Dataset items
++++++

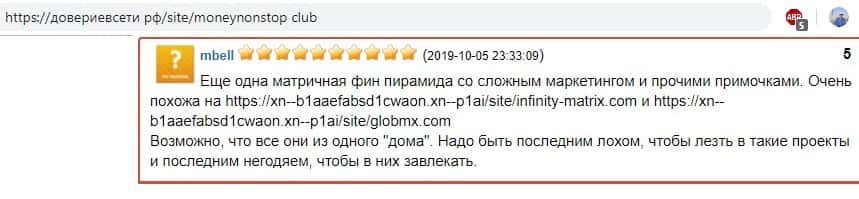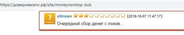 Коротко, но ясно, Money NonStop Club - ЛОХОТРОН, об этом выражает свое мнение обманутый пользователь этой финансовой пирамиды на странице интернет-портала довериевсети рф.
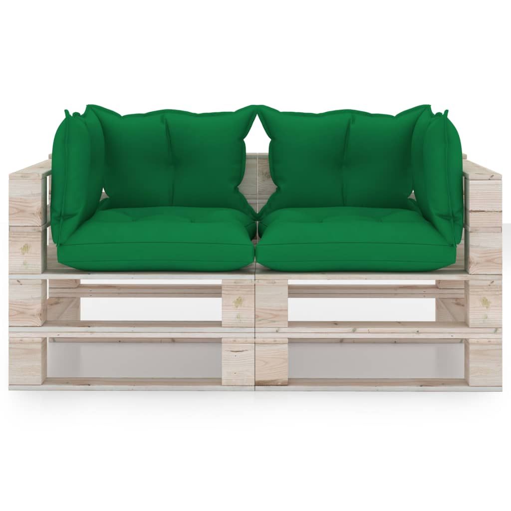 Ogrodowa sofa 2-osobowa z palet, z poduszkami, drewno sosnowe
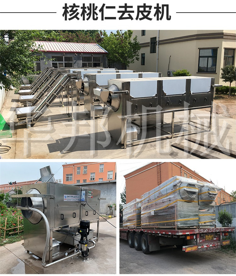 諸城市華邦機械有限公司 新研制的核桃仁去皮清洗機,采用純物理去皮方法,專門針對核桃仁表皮的沖洗,代替了傳統的化學泡制去皮,使產品更安全放心,連續式工作,操作簡單,去皮率高,自動化程度高,節省人工,可配套烘干箱、炒鍋、氣泡清洗機使用。
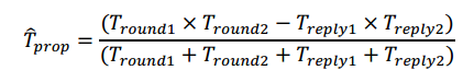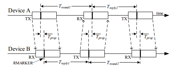 以下圖中最常用的3消息雙向測距方法為例,標(biāo)簽和基站的測距流程如下圖所看到,標(biāo)簽可以看做設(shè)備A(Device A),基站可以看做設(shè)備B(Device B),設(shè)備A主動發(fā)起第一次測距消息,設(shè)備B響應(yīng),得到4個時間戳,設(shè)備A等待Treply2之后再發(fā)起,設(shè)備B接收,再得到2個時間戳。因此可以得到如下四個時間差:
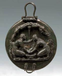 Χάλκινο πτυκτό κάτοπτρο με παράσταση λουόμενων γυναικών από την αρχαία πόλη της Επιδαύρου, β΄ μισό 3ου-2ος αι. π.Χ.
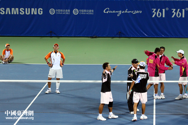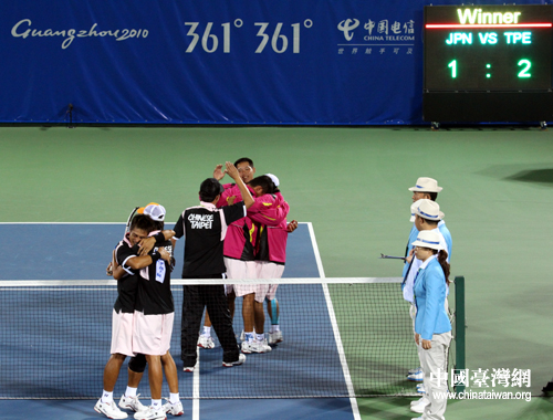 中國臺灣網11月15日廣州消息 第十六屆廣州亞運會軟式網球男子團體賽決賽,14日下午在廣州天河體育中心球場舉行,中華臺北隊在軟式網球男子團體賽中上演“驚天大逆轉”,以2:1戰勝衛冕冠軍日本隊,摘獲代表團在本屆亞運會上的首枚金牌。(記者 李徽)
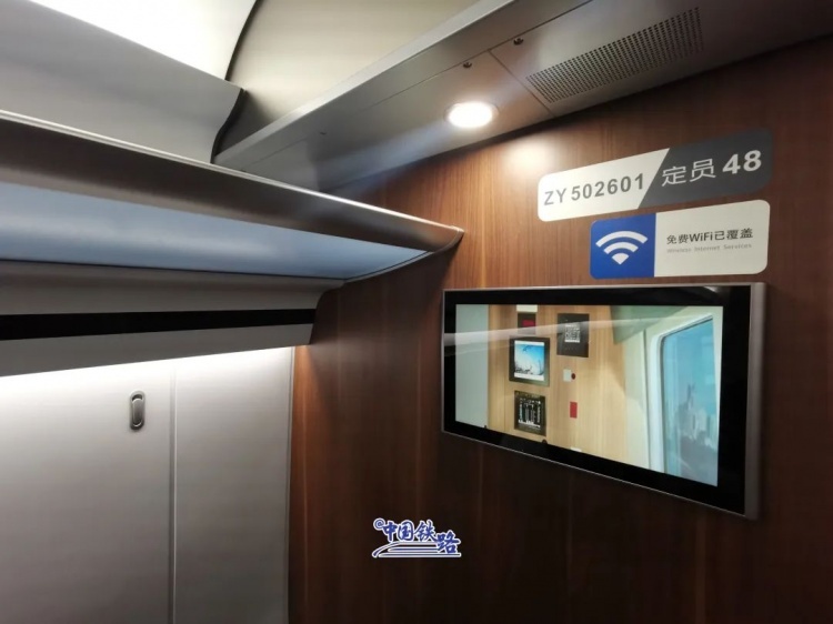 每节车厢内设置了4个温度传感器,智能空调系统让车内温度更适宜。行李架过道边缘增加250个座位显示器,方便旅客查找核对本人座席。
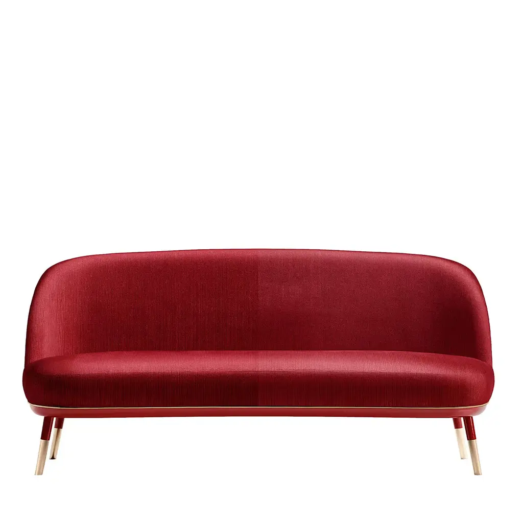 Luxurious in an understated way, this gorgeous sofa deserves center stage in any modern living room with its elegant curvaceous design upholstered in lustrous red fabric. A prestige piece for high-end office lobbies or living rooms, the Sabrina Sofa is perched atop a luxurious solid wood base with slanted legs boasting chrome-finished metal ferrules. Paired with the armchair of the same collection, this sofa works particularly well in contemporary or chic interior decors.
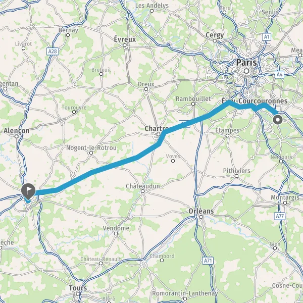 Prendre à droite et rejoindre A11 E50. Continuer sur 144 kilomètres
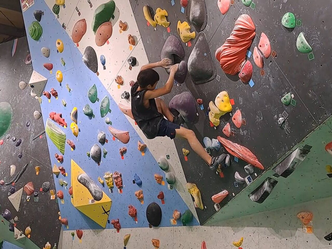 彼はこの夏に行われた実力テストをパスして、中学生以上を対象とした選手養成クラスであるボルダリング部に小学生特待生として参加が決まりました。
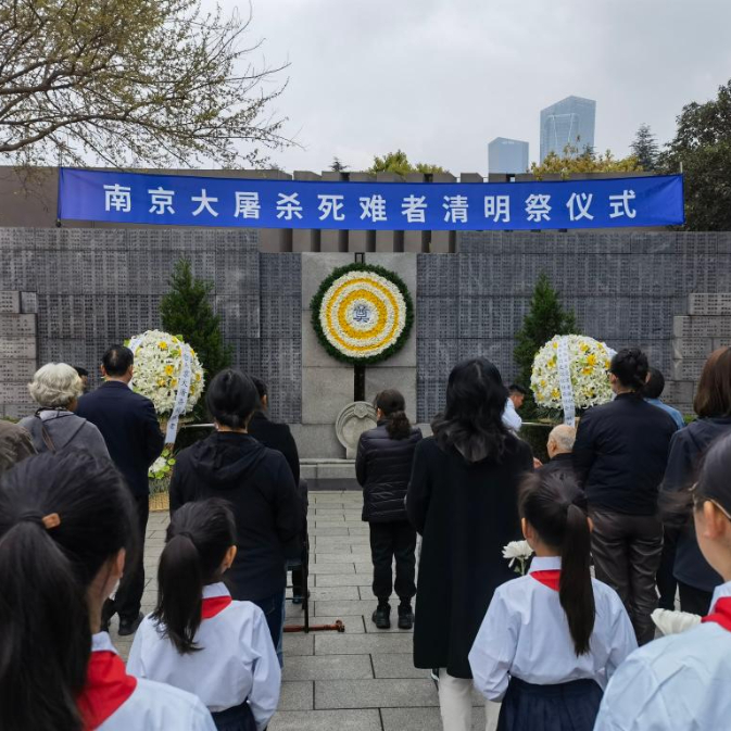 4月3日上午,南京大屠杀死难者遗属、幸存者后代、学生代表等在侵华日军南京大屠杀遇难同胞纪念馆举行清明祭仪式,祭奠89年前遇难的亲人、同胞。

++++++

WHAT YOU HAVE TO DO: Print the entries again exactly as they appear above. Do not print the pictures.

RESULT FOR THIS TASK:
 Коротко, но ясно, Money NonStop Club - ЛОХОТРОН, об этом выражает свое мнение обманутый пользователь этой финансовой пирамиды на странице интернет-портала довериевсети рф.
 Ogrodowa sofa 2-osobowa z palet, z poduszkami, drewno sosnowe
 諸城市華邦機械有限公司 新研制的核桃仁去皮清洗機,采用純物理去皮方法,專門針對核桃仁表皮的沖洗,代替了傳統的化學泡制去皮,使產品更安全放心,連續式工作,操作簡單,去皮率高,自動化程度高,節省人工,可配套烘干箱、炒鍋、氣泡清洗機使用。
 以下圖中最常用的3消息雙向測距方法為例,標(biāo)簽和基站的測距流程如下圖所看到,標(biāo)簽可以看做設(shè)備A(Device A),基站可以看做設(shè)備B(Device B),設(shè)備A主動發(fā)起第一次測距消息,設(shè)備B響應(yīng),得到4個時間戳,設(shè)備A等待Treply2之后再發(fā)起,設(shè)備B接收,再得到2個時間戳。因此可以得到如下四個時間差:
 Χάλκινο πτυκτό κάτοπτρο με παράσταση λουόμενων γυναικών από την αρχαία πόλη της Επιδαύρου, β΄ μισό 3ου-2ος αι. π.Χ.
 中國臺灣網11月15日廣州消息 第十六屆廣州亞運會軟式網球男子團體賽決賽,14日下午在廣州天河體育中心球場舉行,中華臺北隊在軟式網球男子團體賽中上演“驚天大逆轉”,以2:1戰勝衛冕冠軍日本隊,摘獲代表團在本屆亞運會上的首枚金牌。(記者 李徽)
 每节车厢内设置了4个温度传感器,智能空调系统让车内温度更适宜。行李架过道边缘增加250个座位显示器,方便旅客查找核对本人座席。
 Luxurious in an understated way, this gorgeous sofa deserves center stage in any modern living room with its elegant curvaceous design upholstered in lustrous red fabric. A prestige piece for high-end office lobbies or living rooms, the Sabrina Sofa is perched atop a luxurious solid wood base with slanted legs boasting chrome-finished metal ferrules. Paired with the armchair of the same collection, this sofa works particularly well in contemporary or chic interior decors.
 Prendre à droite et rejoindre A11 E50. Continuer sur 144 kilomètres
 彼はこの夏に行われた実力テストをパスして、中学生以上を対象とした選手養成クラスであるボルダリング部に小学生特待生として参加が決まりました。
 4月3日上午,南京大屠杀死难者遗属、幸存者后代、学生代表等在侵华日军南京大屠杀遇难同胞纪念馆举行清明祭仪式,祭奠89年前遇难的亲人、同胞。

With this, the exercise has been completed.